The survey consisted of two parts: a demographic questionnaire and a validated self‐reporting questionnaire. The demographic questionnaire included maternal age, parity, estimated day of delivery, previous treatment for psychological problems, country of birth, and risk area for COVID‐19. We used the estimated day of delivery and the day of completing the questionnaires to calculate the gestational age and trimester at the time of the questionnaire. Trimesters were defined as follows: first trimester ≤12 weeks, second trimester from 13 to 27 weeks’ gestational age, and third trimester from 28 weeks’ gestational age until delivery. Risk areas for COVID‐19 were defined according to statistics from the National Institute for Public Health and Environment, with high risk defined as a mean of >100 new cases a day and low risk as <100 new cases a day in a state between March 27 and April 16, 2020, and for the second wave of the pandemic around December 1, 2020. 18
We used the W‐DEQ A to measure FoC. This questionnaire contains 33 items on a six‐point Likert scale from 0 to 5. Total scores range from 0 to 165. A total score of ≥85 indicates a clinically relevant level of FoC. 17 , 19 The W‐DEQ has good psychometric properties with Cronbach's alpha of 0.86 and a composite reliability index of 0.93.

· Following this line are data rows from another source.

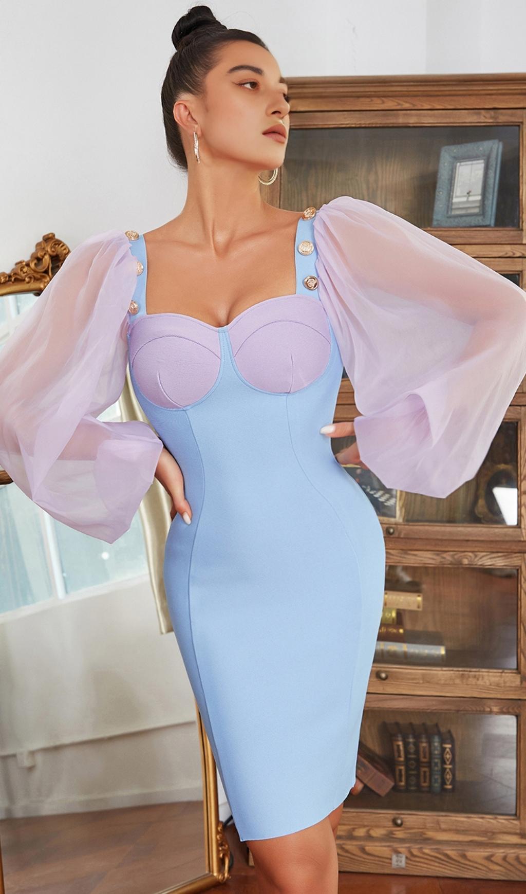 Experience the ultimate in sexiness and allure with our Lace Bandage Bodycon Mini Dress. This dress is designed to make you feel like the most attractive woman in the room. Its unique color patchwork and mesh lace sleeves create a captivating look that is sure to turn heads.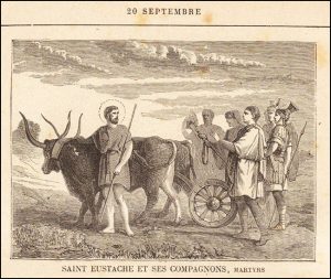 Eustache, qui portait aussi le nom de Placide, et que sa naissance, ses richesses et sa gloire militaire distinguaient parmi les Romains, mérita, sous l’empereur Trajan, le titre de maître de la milice. Un jour que, se livrant à l’exercice de la chasse, il poursuivait un cerf d’une taille prodigieuse qui fuyait devant lui, cet animal s’arrêta tout à coup et Eustache put voir, entre ses bois, une image grandiose et resplendissante de notre Seigneur Jésus-Christ attaché en croix. Sur l’invitation que le Sauveur lui fit entendre de prendre pour but de ses poursuites la vie immortelle, il s’enrôla dans la milice chrétienne avec son épouse Théopista, et leurs deux enfants en bas âge, Agapit et Théopiste. Étant retourné bientôt, comme le Seigneur le lui avait ordonné, au lieu même où la vision s’était produite, il l’entendit lui prédire tout ce qu’il aurait à supporter dans la suite pour sa gloire. Peu après il souffrit avec une patience admirable d’incroyables calamités, et se vit bientôt réduit à la plus profonde misère. Obligé de fuir en secret, il se vit enlever dans la suite, son épouse d’abord, puis ses enfants, malheureusement arrachés à son affection. Le cœur déchiré par tant d’épreuves.il demeura longtemps caché dans une région lointaine, cultivant la terre, jusqu’à ce que, réconforté par une voix céleste et repris par Trajan pour une nouvelle guerre, il fût de nouveau placé à la tête des troupes. Durant l’expédition qu’il dirigea, il eut la joie inespérée de recouvrer ses enfants et son épouse. Vainqueur, il entra dans Rome au milieu des acclamations de tous. Mais peu après, ayant reçu l’ordre de sacrifier aux faux dieux pour les remercier de sa victoire, il s’y refusa énergiquement. En vain essaya-t-on par divers moyens de lui faire renier la foi du Christ. On l’exposa aux lions avec sa femme et ses enfants ; la douceur que ces animaux montrèrent à leur égard ayant irrité l’Empereur, celui-ci ordonna d’enfermer les saints Confesseurs dans un taureau d’airain, rougi par le feu qui brûlait au-dessous. Consommant ainsi leur martyre et chantant les louanges divines, ils s’envolèrent vers la félicité éternelle, le douze des calendes d’octobre. Leurs corps, retrouvés intacts, furent religieusement ensevelis par les fidèles, puis transférés avec honneur dans l’église édifiée sous leur vocable.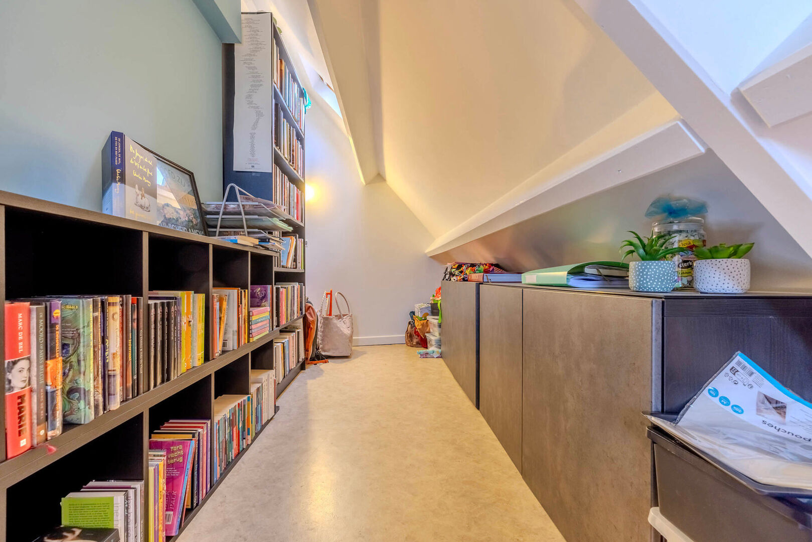 Indeling: inkomhal; apart toilet; toegang tot een privatief en achterliggend terras; gezellige leefruimte met hoge plafonds; ruimte bovenaan is momenteel ingericht als leeshoek + extra bergruimte; volledig vernieuwde en geïnstalleerde keuken (2024); masterbedroom; ensuite badkamer met lavabo, douche in bad en aansluiting voor WM en DK.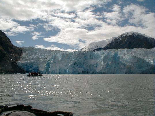 This area is full of icebergs, many occupied by baby harbor seals and their moms. The Zodiaks are used to get up close to the glacier without disturbing these animals.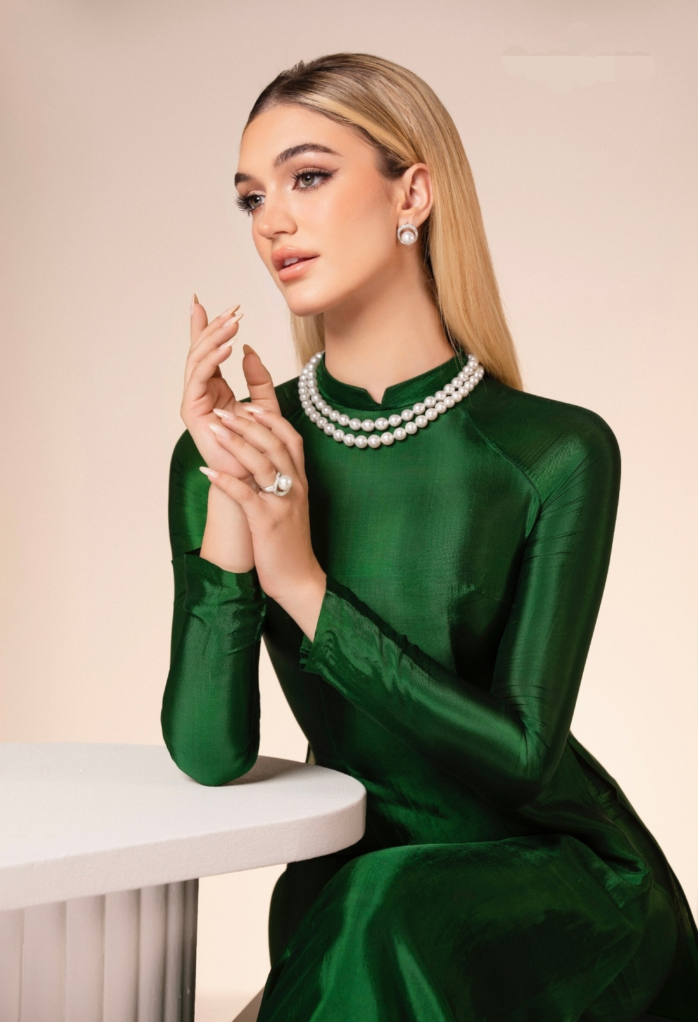 Miss Earth 2023 Drita Ziri xinh đẹp dịu dàng với tà áo dài màu xanh lá, tượng trưng cho Trái Đất.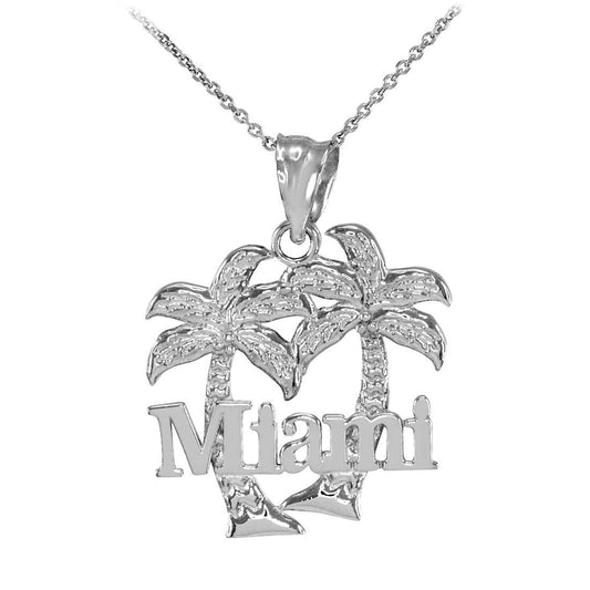 Sterling Silver Miami City Palm Trees Pendant Necklace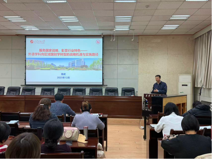 隨后,副院長(zhǎng)陳武做全院教學(xué)科研工作動(dòng)員,并就“服務(wù)國(guó)家戰(zhàn)略,彰顯行業(yè)特色——外語(yǔ)學(xué)科向區(qū)域國(guó)別學(xué)轉(zhuǎn)型的戰(zhàn)略機(jī)遇與實(shí)施路徑”進(jìn)行專(zhuān)題報(bào)告。報(bào)告深入分析人工智能時(shí)代外語(yǔ)學(xué)科面臨的挑戰(zhàn)與機(jī)遇,明確指出在科技革新和國(guó)家戰(zhàn)略需求升級(jí)的雙重驅(qū)動(dòng)下,外語(yǔ)學(xué)科須突破傳統(tǒng)語(yǔ)言技能培養(yǎng)的局限,深化“外語(yǔ)+能源”復(fù)合型人才培養(yǎng)方向,尋求外語(yǔ)學(xué)科向區(qū)域國(guó)別學(xué)科的轉(zhuǎn)型。他強(qiáng)調(diào),學(xué)院將依托學(xué)校能源學(xué)科優(yōu)勢(shì)和“一帶一路”區(qū)位特征,聚焦中亞、中東等能源富集區(qū)的國(guó)別區(qū)域研究,推動(dòng)外語(yǔ)學(xué)科與能源、法律、國(guó)際傳播等領(lǐng)域的深度融合,逐步構(gòu)建起“學(xué)科為根、行業(yè)為體、戰(zhàn)略為魂”的特色發(fā)展格局。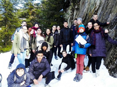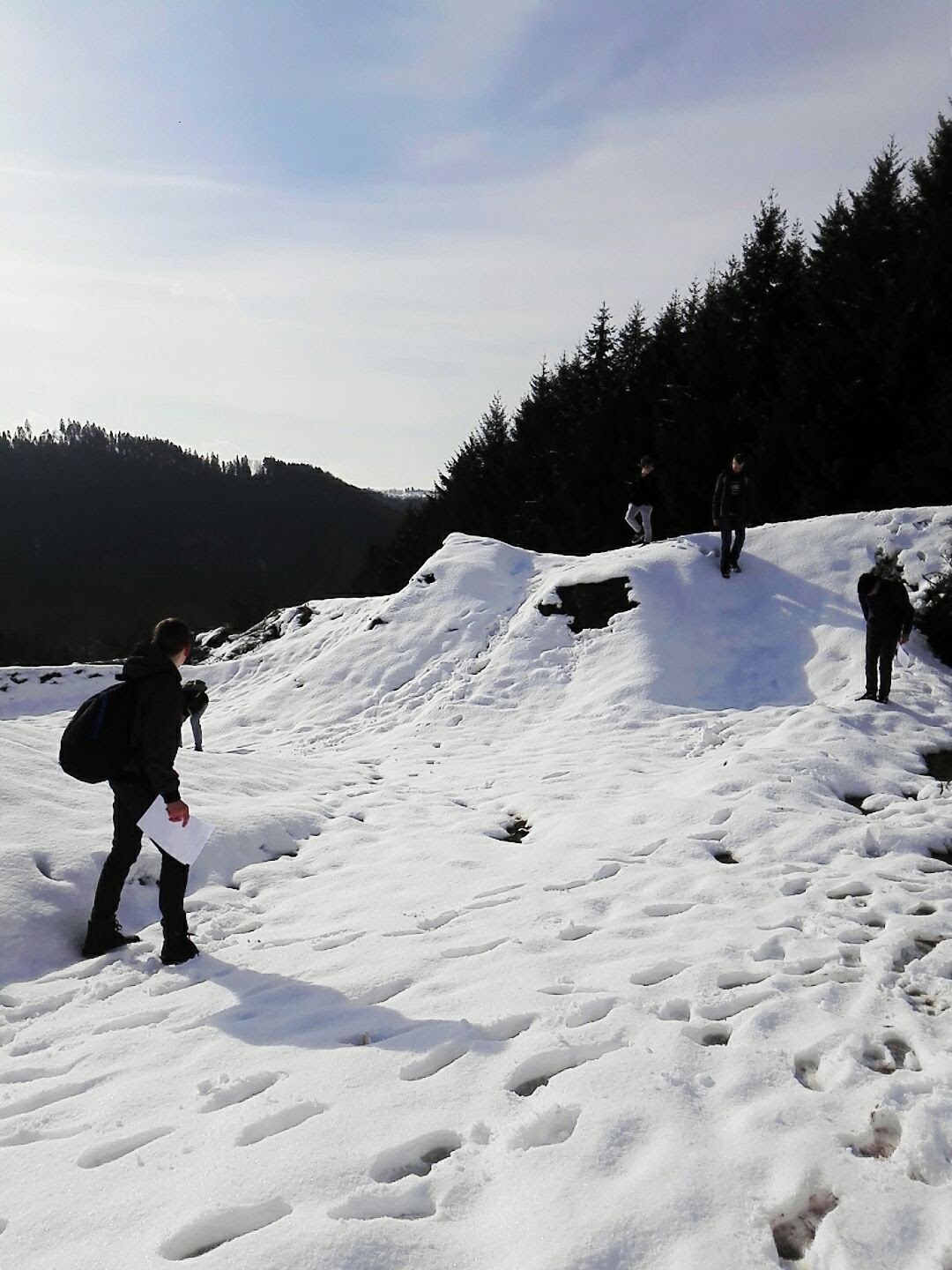 Ondanks de sneeuw kon de oriëntatieloop wel doorgaan. Zonnig weer en prachtig uitzichten maken het wandelen wat minder zwaar.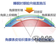 角膜塑形镜是采用了一种特殊逆几何形态设计的镜片,其内表面由多个弧段组成。镜片与泪液层分布不均,由此产生的流体力学效应改变角膜几何形态,在睡觉时戴在角膜前部,逐步使角膜弯曲度变平、眼轴缩短,从而有效地阻止了近视的发展。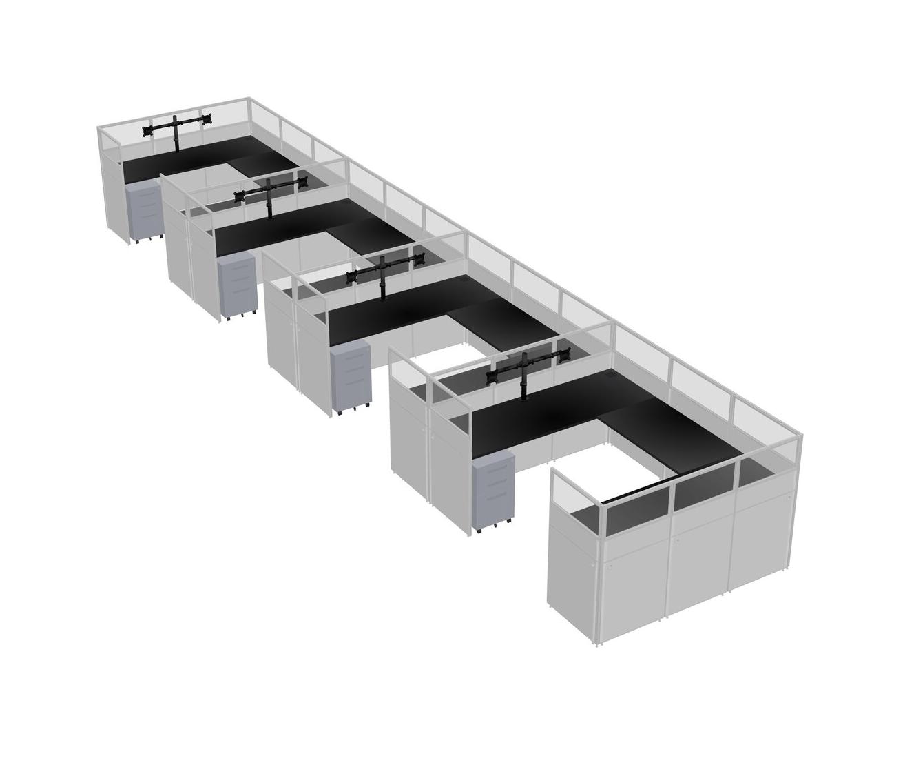 Black U-shaped Panel System For 4 Person + Monitor Arm (double Arms) + Metal Mobile Drawers For 4 User(s)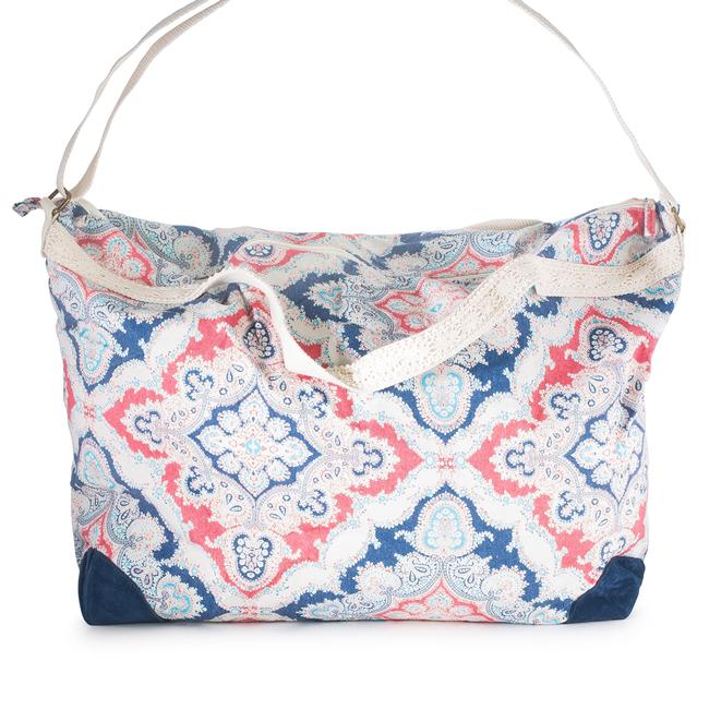 Karen Blue Multicolor Floral And Lace Duffle Bag

We used data from the HEAR (Request for HElp in fEAr of Childbirth) study (Medical Research Ethics Committee: W18.188) as a reference group. This reference group consisted of 364 women who filled out the W‐DEQ A before the pandemic, between February 2019 and January 2020. The main aim of this study was to determine the course of FoC according to gestational age in nulliparous women. Women were recruited through online media, OLVG hospital in Amsterdam, and several midwifery practices in Amsterdam, the Netherlands. An online link provided detailed information about the study. Participants provided informed consent by providing their email address and then received a personal link to the online questionnaire via a secure platform. Exclusion criteria were age <18 years, insufficient command/mastery of the Dutch language, and multiparity (defined as a previous gestation of >16 weeks). The results of this study were unpublished at the time of our study.
2.1. Statistical analyses
We summarized the demographic features of the three cohorts using descriptive statistics. Before we conducted the inferential analysis, we used descriptive statistics to test the assumptions. Where parametric assumptions were not met, we used nonparametric equivalents. We compared possible differences in demographic variables between groups using the independent t‐test or the Mann–Whitney U test for continuous variables and the chi‐squared (χ2) test for categorical variables.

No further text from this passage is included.